Telling AI model to “take a deep breath” boosts math scores in study – Ars Technica

A worried looking tin toy robot.

Google DeepMind researchers recently developed a technique to improve the math capabilities of AI language models like ChatGPT by using other AI models to tell the AI ​​model what to do to improve prompting. Using human-style encouragement was found to dramatically improve math skills, consistent with previous results.

In a paper titled “Large Language Models as Optimizers” listed this month on arXiv, DeepMind scientists present Optimization by PROmpting (OPRO), a method for improving the performance of large language models (LLMs) such as OpenAI’s ChatGPT and Google’s PaLM 2. The new approach sidesteps the limitations of traditional math-based optimizers by using natural language to guide LLMs in solving problems. “Natural language” is an unusual form of everyday human speech.

“Instead of formally defining an optimization problem and obtaining an update step with a programmed solver,” the researchers write, “we describe the optimization problem in natural language, then instruct the LLM to iteratively generate new solutions based on the problem description and previously found solutions.”

Generally, in machine learning, algorithmic techniques such as derivative-based optimizers serve as a guide to improve the performance of AI models.
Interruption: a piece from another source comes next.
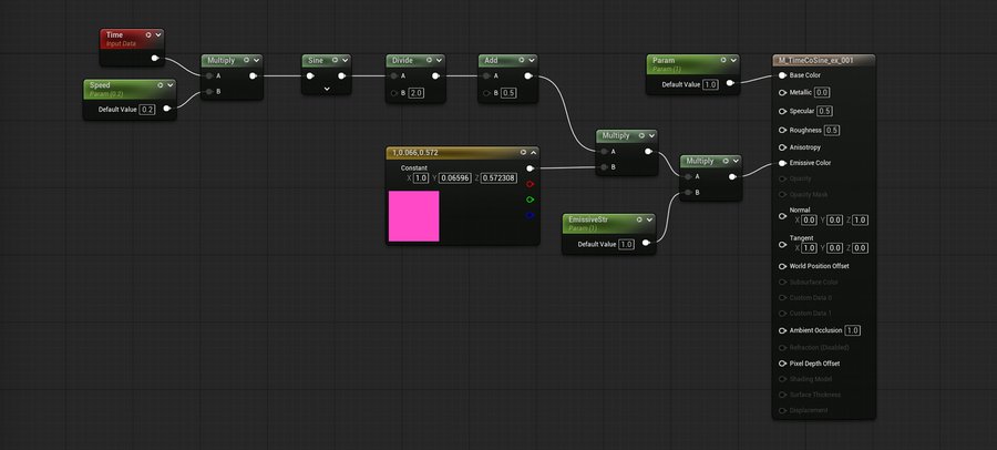 Нода Time прекрасно сочетается с тригонометрическими функциями Sine и Cosine для создания зацикленных эффектов. Эти две ноды выводят колеблющееся между -1 и 1 значения, что помогает создать «пульсирующие» эффекты.

Visualize model performance as a curve on a graph: the goal is to find the lowest point on this curve because that is where the model makes the fewest errors. By using the slope of the curve to make adjustments, the optimizer helps the model get closer to that ideal low point, making any task it designs more accurate and efficient.

Rather than relying on formal mathematical definitions to perform this task, OPRO uses “meta-prompts” described in natural language to set the stage for the optimization process. LLM then generates candidate solutions based on the problem description and previous solutions and tests them, assigning a quality score to each.

In OPRO, two large language models play different roles: a scorer LLM evaluates an objective function such as accuracy, while an optimizer LLM generates new solutions based on previous results and natural language descriptions. Different combinations of scorer and optimizer LLM are evaluated, including PaLM 2 and GPT variants. OPRO Scorer can optimize prompts for LLM, and the optimizer can iteratively generate high-scoring prompts. These scores help the system identify the best solutions, which are then fed back into the ‘meta-prompt’ for the next round of optimization.

“Take a deep breath and work on this step”

Perhaps the most interesting part of the DeepMind study is the effect of certain phrases on the output. Phrases like “let’s think step by step” made each AI model produce more accurate results when tested against the math problem data set. (This technique became widely publicized in May 2022, thanks to a now-famous paper titled “Large Language Models Zero-Shot Reasoners”.)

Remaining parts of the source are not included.